De Príncipe a Imperador
José
Vicente J. de Camargo
“Abaixo
a Monarquia! Viva a República!”
Gritavam
com fervor os trabalhadores em greve da cidade de Santos, conclamando os
surpresos passantes a se juntarem a eles no direito a melhores salários, de
escolherem seus próprios governantes, e um fim na escalada crescente de aumento
dos impostos.
No
Rio de Janeiro, capital imperial, o príncipe regente D. Pedro de Alcântara
recebia de seu conselheiro informação sobre o aumento das manifestações contra
a Coroa na importante cidade da Província de São Paulo, maior porto de
exportação de café do império:
−
“Aconselho com urgência a presença de Vossa Alteza na cidade para acalmar os
ânimos antes que se espalhem para a capital da Província”.
D.
Pedro, no auge dos seus 22 anos, relutava em deixar os cafunés endiabrados das
mucamas da corte sob o olhar resignado da imperatriz Leopoldina, e da sua prole
que não parava de crescer. No fundo, o que lhe tentava a aceitar a sugestão de
seu conselheiro, era a saudade voluptuosa que tinha da Marquesa de Santos, por
hora residente na cidade de São Paulo, onde deveria terminar sua viagem de
apaziguar os ânimos e restabelecer a ordem através da demonstração pessoal de
apreço do Príncipe pelo seu povo.
−
“Diga aos paulistas que irei! ” Pronuncia o Regente com o sangue esquentando na
expectativa do encontro ardente com sua marquesa favorita.
Assim,
em 14 de agosto de 1822, parte do Rio de Janeiro a comitiva imperial formada
por sete pessoas. Três dias antes, um agente real partia para avisar as
fazendas escolhidas para pouso, sobre tão ilustre visita.
Percorrido
mais da metade do trajeto, uma tempestade castiga o régio séquito. Cansado da
cavalgada fatigante e com receio de piorar um início de gripe, sua Alteza
ordena que parem na próxima fazenda para o pernoite mesmo que não tenha sido
avisada de sua visita e, para testar sua popularidade, que não informem sua
identidade.
Nessas
condições chega a uma fazenda bem menos suntuosa que as muitas outras situadas
no Vale do Paraíba, de onde nasce o ouro verde, sustentáculo da riqueza do
império e figurante orgulhoso do pavilhão real ao lado do ramo de algodão. O
proprietário, de bom grado e dentro do espaço disponível, oferece o celeiro ao
lado da senzala. Os membros da comitiva tentam revelar a identidade do
visitante, merecedor da melhor hospedagem possível, mas são impedidos pelo Imperador.
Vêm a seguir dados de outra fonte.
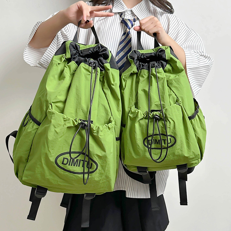 户外登山徒步运动轻便抽绳双肩包束口包大上课包补课包女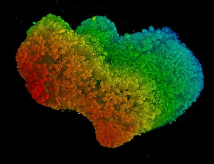 image: An organoid - a three-dimensional cell structure - grown from endometrial cancer tissue of a patient. The different colours indicate the depth of the microscopic scan.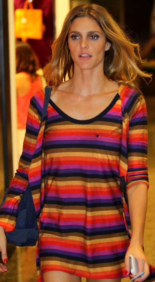 Fernanda Lima passeou por um shopping na Barra da Tijuca, no Rio de Janeiro, usando um vestido de malha de mangas longas, de estampa listrada.

É que D. Pedro sente no ar a quentura do aconchego do sangue mulato, reinante
na senzala. Dispensa os comandados e segue seu faro bem treinado na direção da
presa em cio...
O
dia seguinte clareia brilhante, o cansaço e a gripe se foram no embalo noturno do
rodamoinho orgíaco. Antes da partida, D. Pedro faz questão de plantar uma
palmeira imperial, para demonstrar sua régia masculinidade e de participar, na
humilde capela, de uma oração à Nossa Senhora Aparecida pedindo perdão pelos
deslizes incontroláveis. Dado a enxurrada do dia anterior, ao barro acumulado
do precário caminho e ao “agarra-agarra” da noite adentro, troca de calça com
um general da comitiva para nada ofuscar sua chegada a cidade de Santos
prevista para o mesmo dia.
A
história continua sua trajetória desde de há muito conhecida. Mas infelizmente
várias peripécias que entremeiam seu desenrolar, permanecem incógnitas do
conhecimento público. O que é de se lamentar, pois a régia figura em questão,
seria acrescida de pormenores que a aproximariam ainda mais da simpatia
nacional. Aquele, que saiu do Rio de Janeiro como príncipe e retornou como
imperador...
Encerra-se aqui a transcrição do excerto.